Sundance executives met Hanlong representatives in Perth late on Thursday to find out more details after revelations on Wednesday that billionaire Liu Han had been detained by Chinese police for unconfirmed reasons. A report by respected Chinese financial newspaper 21st Century Business Herald suggested Mr Liu had been embroiled in investigations relating to money laundering in Macau's gaming industry.

The confusion is shared by other companies worldwide with links to Hanlong. Colorado-based General Moly said talks about a $665 million loan to finance its new mine project in Nevada were suspended until more information emerges.

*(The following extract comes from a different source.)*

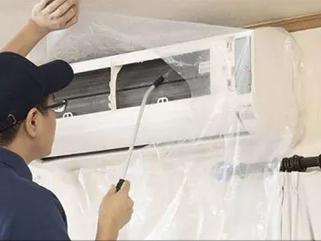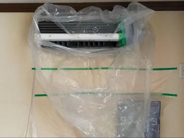 業務用の広めのエアコンカバーをご用意しております。 エアコン本体の高圧洗浄が完了次第、エアコンカバー内部で外に水がかからないようにしながら、その場でパーツ洗浄いたします。

Australian-listed molybdenum minnow Moly Mines said it was seeking clarification from Hanlong as to "whether this event has any consequences for the company and Mr Liu's position as a director". Molybdenum is used to harden steel.

It is believed Mr Liu's right-hand man, Kang Huan Jun, dialled in via teleconference from China.

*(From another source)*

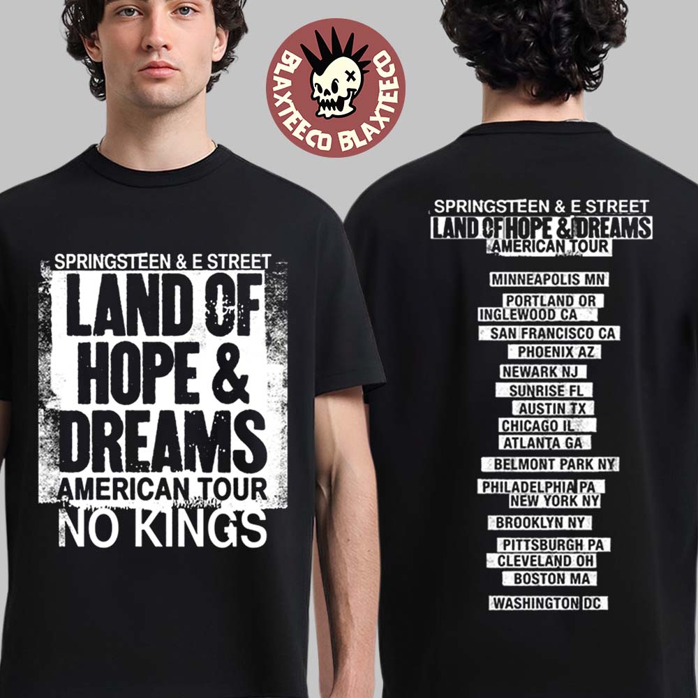 Celebrate legendary rock heritage with the Bruce Springsteen And E Street Land Of Hope And Dreams American Tour 2026 Merch No Kings Black T-Shirt, a must-have for devoted fans of Bruce Springsteen and the iconic E Street Band. This striking tee features a bold, distressed front graphic with the powerful “Land of Hope & Dreams” tour title and “No Kings” statement, capturing the spirit of freedom, unity, and classic American rock. The back design lists major tour stops across the United States, turning this shirt into a wearable piece of tour history.

Mr Kang was also front and centre of Hanlong's response to an insider trading scandal implicating its Australian staff, which broke in 2011.

Hanlong's protracted takeover of Sundance has dragged on for 20 months, initially because of delays in obtaining regulatory approvals in Australia and China, but more substantially by Hanlong's inability to secure financial backing, including from its main backer, China Development Bank.

After repeated extensions to the deal timetable, Hanlong is now required to produce a financial credit terms sheet by next Tuesday, under the scheme implementation agreement. But Sundance says Hanlong has not yet finalised discussions with large Chinese partners as requested by China's National Development and Reform Commission.

"I don't have any definite proof, but it's unlikely they'll meet those timelines," Mr Jones said on Thursday.

In the absence of an agreed extension, failure by Hanlong to provide the term sheet by Tuesday will trigger a five-day, good-faith consultation period followed by a 10-day period in which either party can terminate the deal.

Sundance requested a trading halt on Tuesday and its shares have since been suspended until April 8.

Reflecting scepticism over the deal's likely success, shares in Sundance last traded at 21¢, well below Hanlong's offer price of 45¢.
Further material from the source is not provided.